Limitations & Future Work

  1. Suboptimal Pruning Quality: Analysis indicates that optimal workflow steps are occasionally omitted, particularly with weaker models.
  2. Synthetic Data Evaluation: Evaluated only on synthetic data and simulated users without validation in real-world user scenarios.
  3. Limited Domains: Evaluated on only three domains and five intents, requiring broader validation for generalizability.
  4. Dependency on Personalizer Capabilities: The quality of pruning is highly dependent on the capabilities of the LLM chosen for the Personalizer.
  5. Unexplored Decomposition-Based Personalization: Decomposing personalization into multiple calls or ensemble methods could potentially further improve pruning fidelity.
  6. Privacy and Fairness Risks: Pruning workflows based on user privileges and attributes may introduce algorithmic biases.
  • ReAct (Yao et al., 2023): The primary baseline of this work, utilizing the single-agent reason-and-act paradigm.
  • OctoTools, Creator: Workflow simplification methods that nonetheless treat workflow execution structures statically.
  • AFLOW (Zhang et al., 2024a): Models workflows as directed graphs and optimizes them via MCTS, though the optimization is conducted offline.

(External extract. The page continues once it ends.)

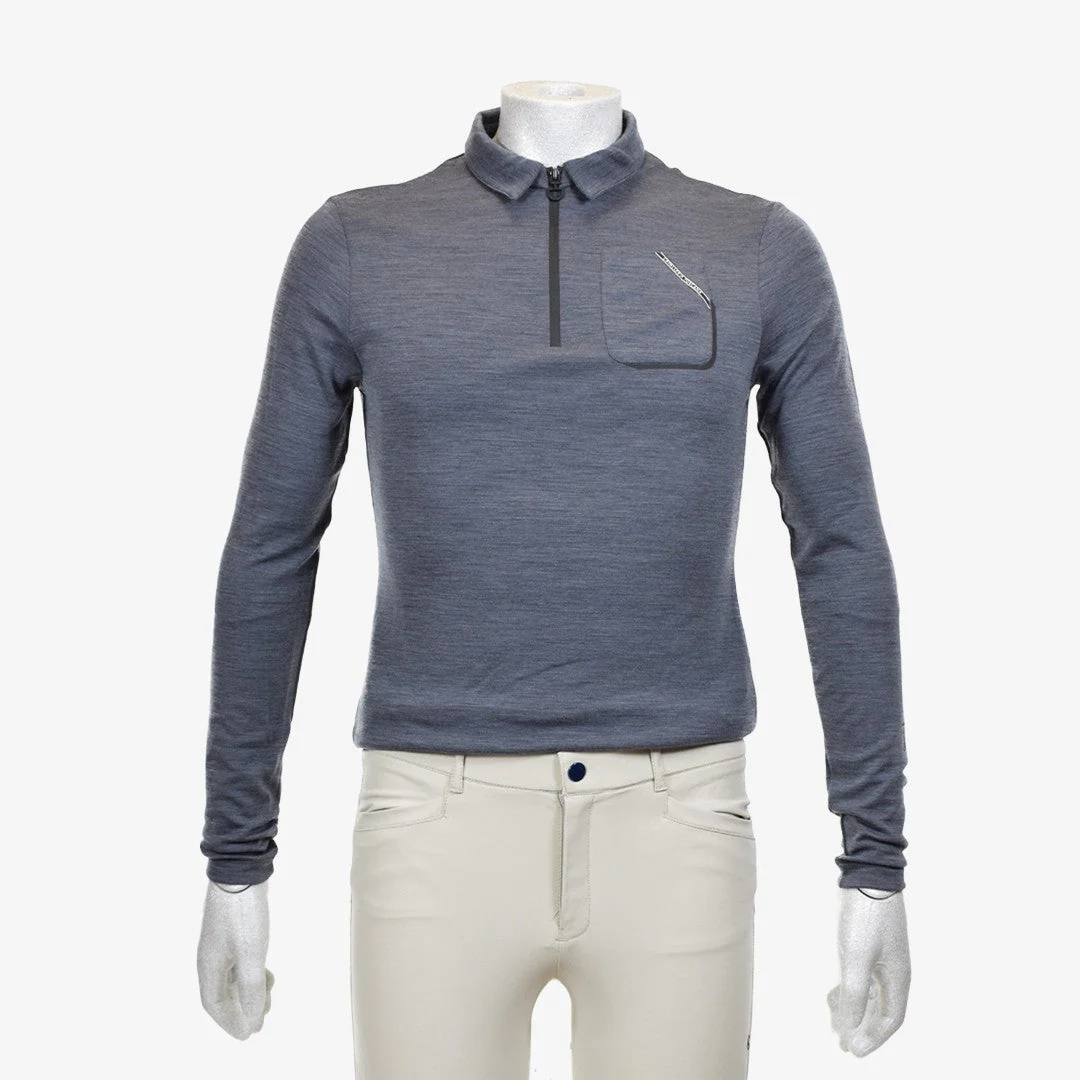 Polo tecnica uomo Cavalleria Toscana Tessuto tecnico e lana Melange Manica lunga Collo polo con zip Taschino anteriore Articolo in sconto perchรจ proveniente da campionario o stock

  • GPTSwarm: Optimizes multi-agent structures and single-agent routing with reinforcement learning.
  • Insights: The concept of runtime dynamic pruning can be generalized to other scenarios requiring conditional execution, such as code generation, automated system testing, and robotic task planning.

Rating

  • Novelty: ⭐⭐⭐⭐ — The approach of runtime parallel personalized workflow pruning is novel, though multi-agent orchestration itself is not a new concept.

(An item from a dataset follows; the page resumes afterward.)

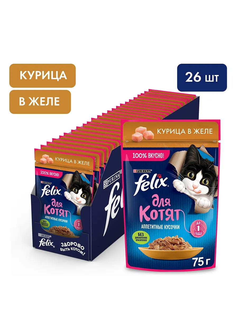 Felix Аппетитные кусочки влажный корм для котят с курицей, в паучах - 75 г х 26 шт. Корм для взрослых кошек не подходит маленьким озорникам: в период активного роста котятам нужно даже больше питательных веществ, чем солидным котам. При этом пищеварительная система малыша еще остается уязвимой, котенку непросто переходить с молока мамы-кошки на самостоятельное питание. Разрабатывая влажные корма для домашних питомцев, эксперты Purina создали совершенно особый корм для кошек - рацион Felix "Аппетитные кусочки" для котят. Нежнейшие кусочки, покрытые сочным желе, помогут Вашему котенку не только получать необходимую энергию и микронутриенты, но и постепенно привыкать к "взрослой" пище, а также с самого детства наслаждаться богатством нежнейших вкусов. 100% всё, что нужно котёнку каждый день. Содержит белки, витамины и минеральные вещества. Специально разработан для котят до 1 года. Ингредиенты: мясо и мясные ингредиенты (включая курицу), экстракты растительного белка, рыба и продукты ее переработки, аминокислоты, продукты переработки растительного сырья, загустители, минеральные вещества, сахара, витамины. Гарантированные показатели: влажность: 77,5%, белок: 13,5%, содержание жира: 2,8%, сырая зола: 2,6%, сырая клетчатка: 0,8%, энергетическая ценность: 91 ккал/100 г.

  • Experimental Thoroughness: ⭐⭐⭐⭐ — Evaluated across three models and five intents with comprehensive metrics, but restricted to synthetic data and limited domains.
  • Writing Quality: ⭐⭐⭐⭐ — Well-structured, formally described algorithms, with solid motivational arguments.
  • Value: ⭐⭐⭐⭐ — High practical value, training-free and easy to deploy, though strictly speaking, it represents a systems/engineering contribution rather than a major methodological breakthrough.